INFORMATION PROVIDED:
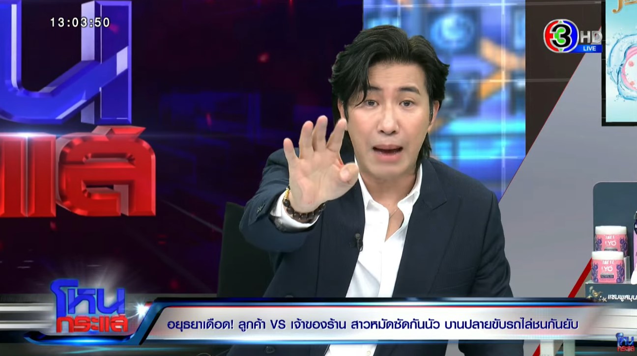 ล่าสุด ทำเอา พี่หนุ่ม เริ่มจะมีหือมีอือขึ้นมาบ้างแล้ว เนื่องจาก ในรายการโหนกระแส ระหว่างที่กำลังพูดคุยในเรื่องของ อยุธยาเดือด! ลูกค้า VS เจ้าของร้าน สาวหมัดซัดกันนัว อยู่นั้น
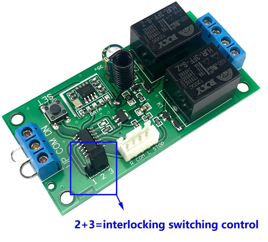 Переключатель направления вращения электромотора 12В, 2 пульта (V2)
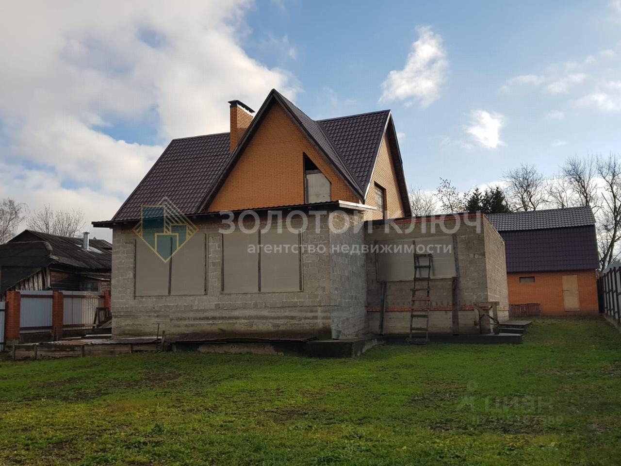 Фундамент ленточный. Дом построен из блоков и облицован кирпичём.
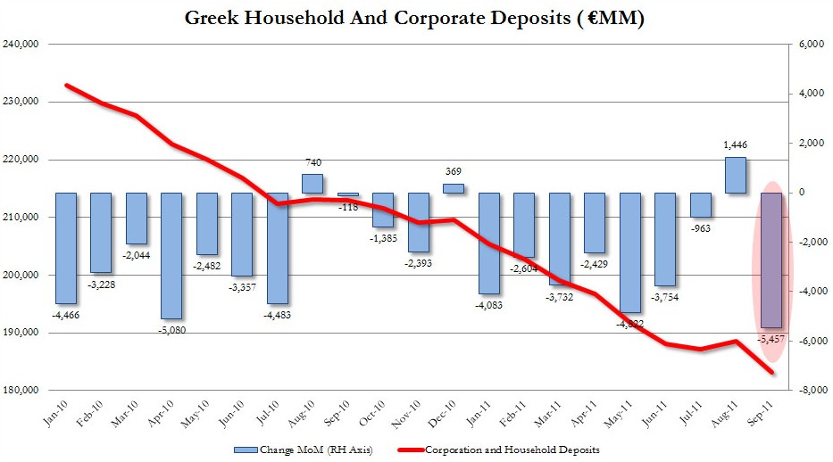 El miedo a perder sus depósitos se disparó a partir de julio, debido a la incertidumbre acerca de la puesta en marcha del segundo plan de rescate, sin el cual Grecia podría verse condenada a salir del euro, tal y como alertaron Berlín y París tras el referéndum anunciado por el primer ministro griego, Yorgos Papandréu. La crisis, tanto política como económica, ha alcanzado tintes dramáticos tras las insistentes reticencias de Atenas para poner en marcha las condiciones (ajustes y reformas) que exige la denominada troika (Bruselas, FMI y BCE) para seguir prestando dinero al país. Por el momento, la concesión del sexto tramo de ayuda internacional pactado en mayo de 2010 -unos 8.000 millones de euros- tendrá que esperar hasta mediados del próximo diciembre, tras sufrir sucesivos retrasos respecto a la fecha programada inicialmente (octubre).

PROBLEM TO WORK ON: Repeat, exactly and in full, each line from the start of the data to the line that contains "Фундамент ленточный. Дом". Pictures do not go in.

THE ANSWER:
 ล่าสุด ทำเอา พี่หนุ่ม เริ่มจะมีหือมีอือขึ้นมาบ้างแล้ว เนื่องจาก ในรายการโหนกระแส ระหว่างที่กำลังพูดคุยในเรื่องของ อยุธยาเดือด! ลูกค้า VS เจ้าของร้าน สาวหมัดซัดกันนัว อยู่นั้น
 Переключатель направления вращения электромотора 12В, 2 пульта (V2)
 Фундамент ленточный. Дом построен из блоков и облицован кирпичём.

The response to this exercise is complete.